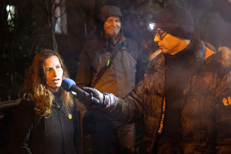 Lucia Rosáková (vľavo) z iniciatívy Mier Ukrajine počas podujatia Noc s Ukrajinou, ktoré organizuje iniciatíva Mier Ukrajine pred budovou Veľvyslanectva Ruskej federácie v Bratislave. Bratislava, 24. november 2022. Foto: SITA/Jana Birošová
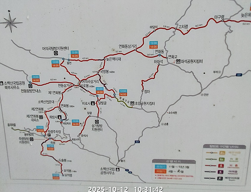 * A코스 : 어의곡주차장 - 소백산 비로봉 - 천동삼거리 - 천동쉼터 - 천동탐방지원센터 - 천동주차장 (약 11.8km)
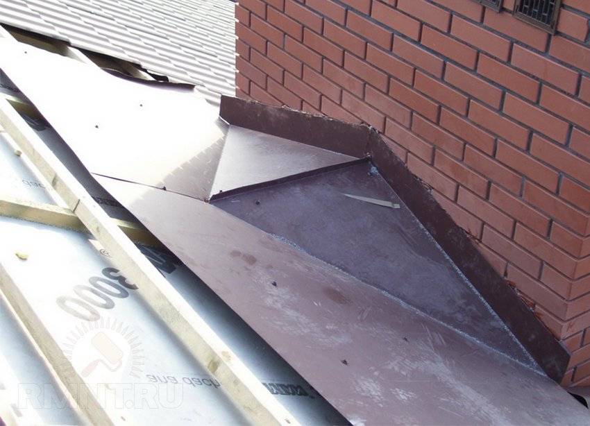 Детали фартука приклеивают внахлест, верхняя часть запускается под коньковый элемент, снизу влага попасть в кровельный пирог не сможет благодаря законам физики. При значительном удалении от конька запустить под него фартук не получится. В этом случае используют металлическую полосу, которая крепится по периметру (шаг саморезов 5 – 3 см), качественно огибая самые сложные конфигурации профиля листов металлочерепицы. Под фартук подкладывают резиновый уплотнитель либо используется герметик (рис.2)

▬▬▬

Retype each line above exactly. Leave the images out.

RESULT OF THE TASK>
 Lucia Rosáková (vľavo) z iniciatívy Mier Ukrajine počas podujatia Noc s Ukrajinou, ktoré organizuje iniciatíva Mier Ukrajine pred budovou Veľvyslanectva Ruskej federácie v Bratislave. Bratislava, 24. november 2022. Foto: SITA/Jana Birošová
 * A코스 : 어의곡주차장 - 소백산 비로봉 - 천동삼거리 - 천동쉼터 - 천동탐방지원센터 - 천동주차장 (약 11.8km)
 Детали фартука приклеивают внахлест, верхняя часть запускается под коньковый элемент, снизу влага попасть в кровельный пирог не сможет благодаря законам физики. При значительном удалении от конька запустить под него фартук не получится. В этом случае используют металлическую полосу, которая крепится по периметру (шаг саморезов 5 – 3 см), качественно огибая самые сложные конфигурации профиля листов металлочерепицы. Под фартук подкладывают резиновый уплотнитель либо используется герметик (рис.2)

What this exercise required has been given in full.